Segment Start: Information supplied
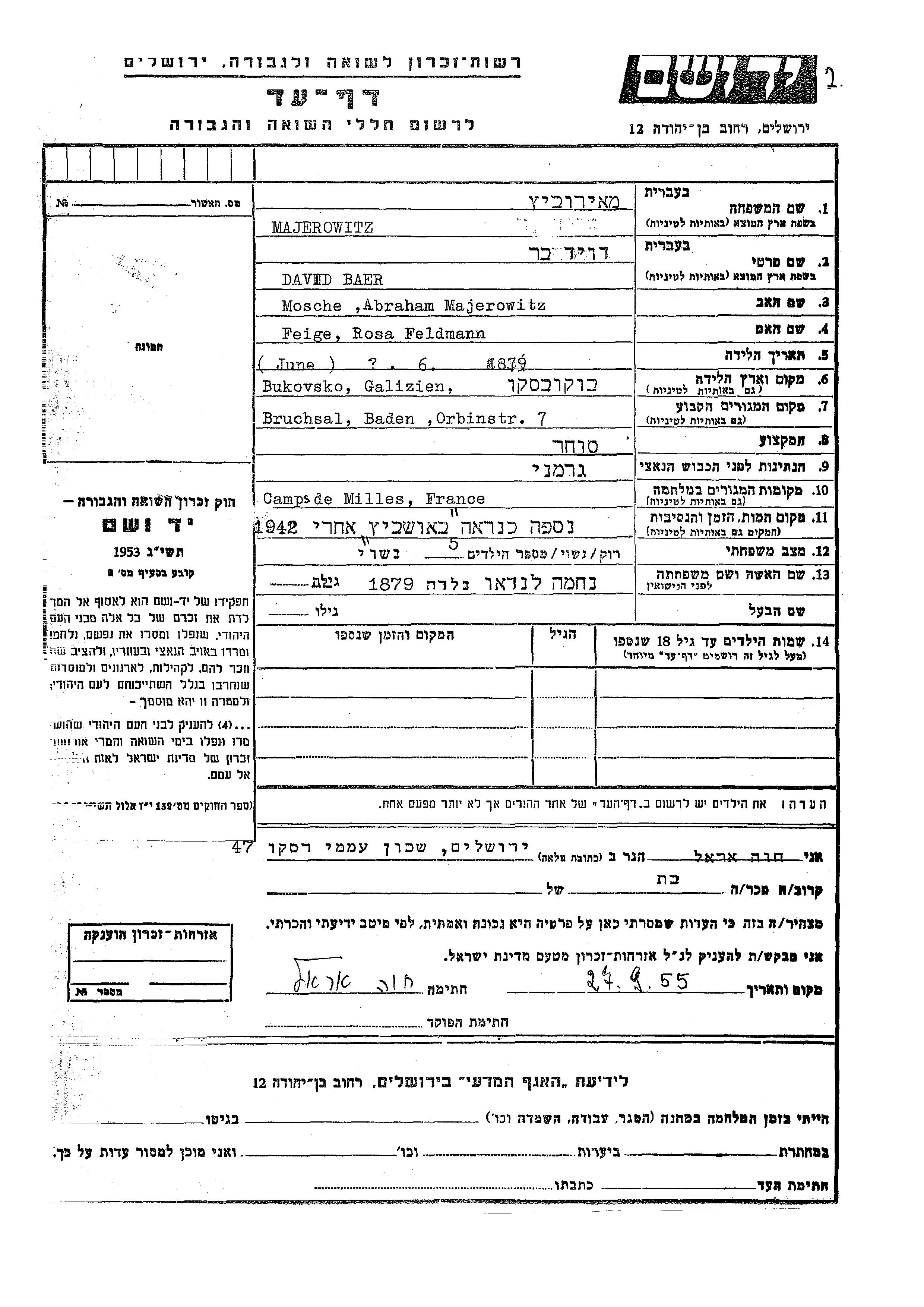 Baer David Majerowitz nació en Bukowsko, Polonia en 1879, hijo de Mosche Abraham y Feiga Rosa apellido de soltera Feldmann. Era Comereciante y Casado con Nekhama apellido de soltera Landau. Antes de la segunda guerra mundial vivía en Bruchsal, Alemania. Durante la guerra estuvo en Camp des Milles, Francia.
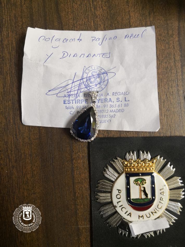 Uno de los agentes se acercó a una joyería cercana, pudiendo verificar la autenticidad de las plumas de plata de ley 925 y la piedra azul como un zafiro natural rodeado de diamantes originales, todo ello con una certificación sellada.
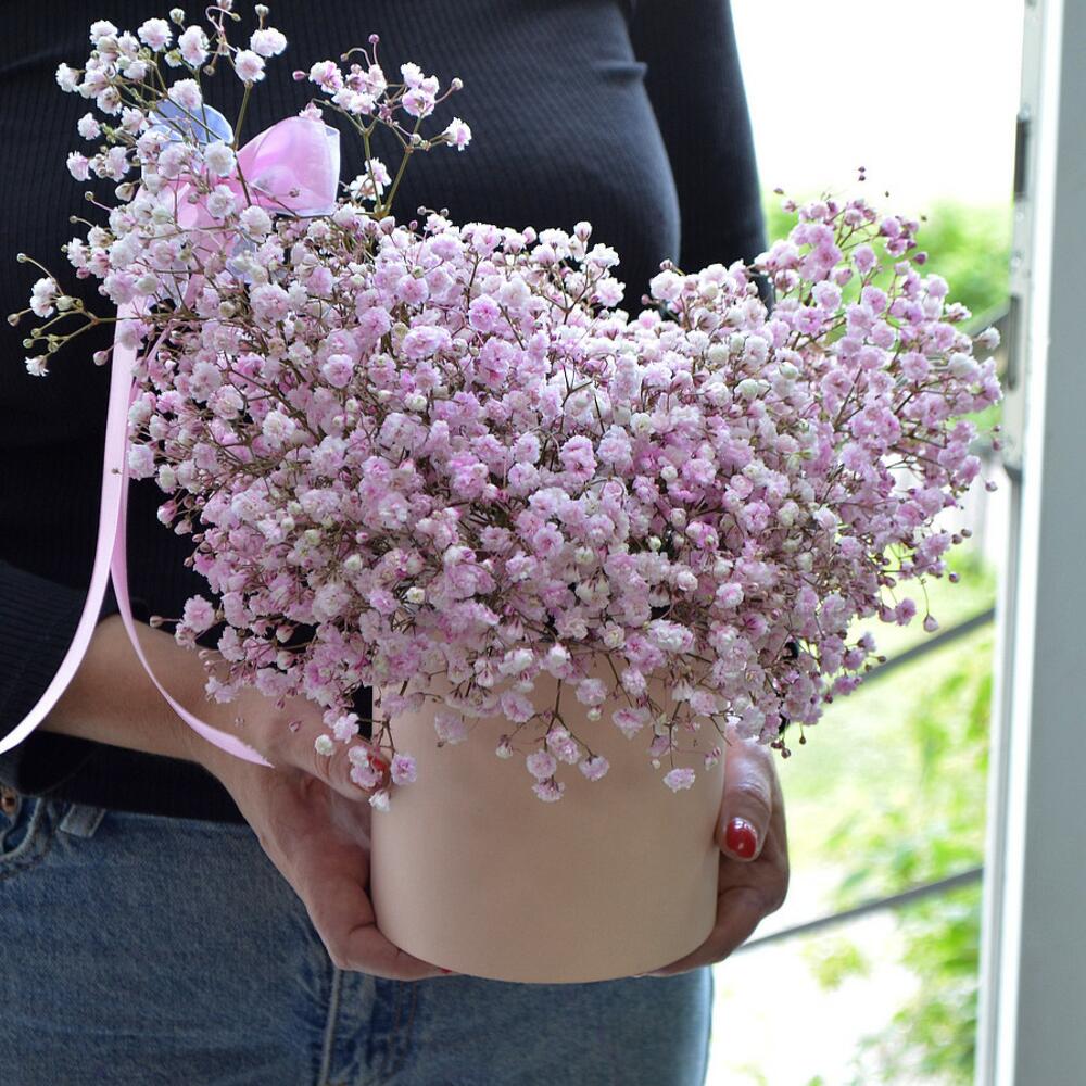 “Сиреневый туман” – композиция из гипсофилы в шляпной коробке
Segment End: Information supplied
▶ [What is needed] No pictures belong in the answer; copy all other parts of the listing exactly.

▶ [Exercise response]
 Baer David Majerowitz nació en Bukowsko, Polonia en 1879, hijo de Mosche Abraham y Feiga Rosa apellido de soltera Feldmann. Era Comereciante y Casado con Nekhama apellido de soltera Landau. Antes de la segunda guerra mundial vivía en Bruchsal, Alemania. Durante la guerra estuvo en Camp des Milles, Francia.
 Uno de los agentes se acercó a una joyería cercana, pudiendo verificar la autenticidad de las plumas de plata de ley 925 y la piedra azul como un zafiro natural rodeado de diamantes originales, todo ello con una certificación sellada.
 “Сиреневый туман” – композиция из гипсофилы в шляпной коробке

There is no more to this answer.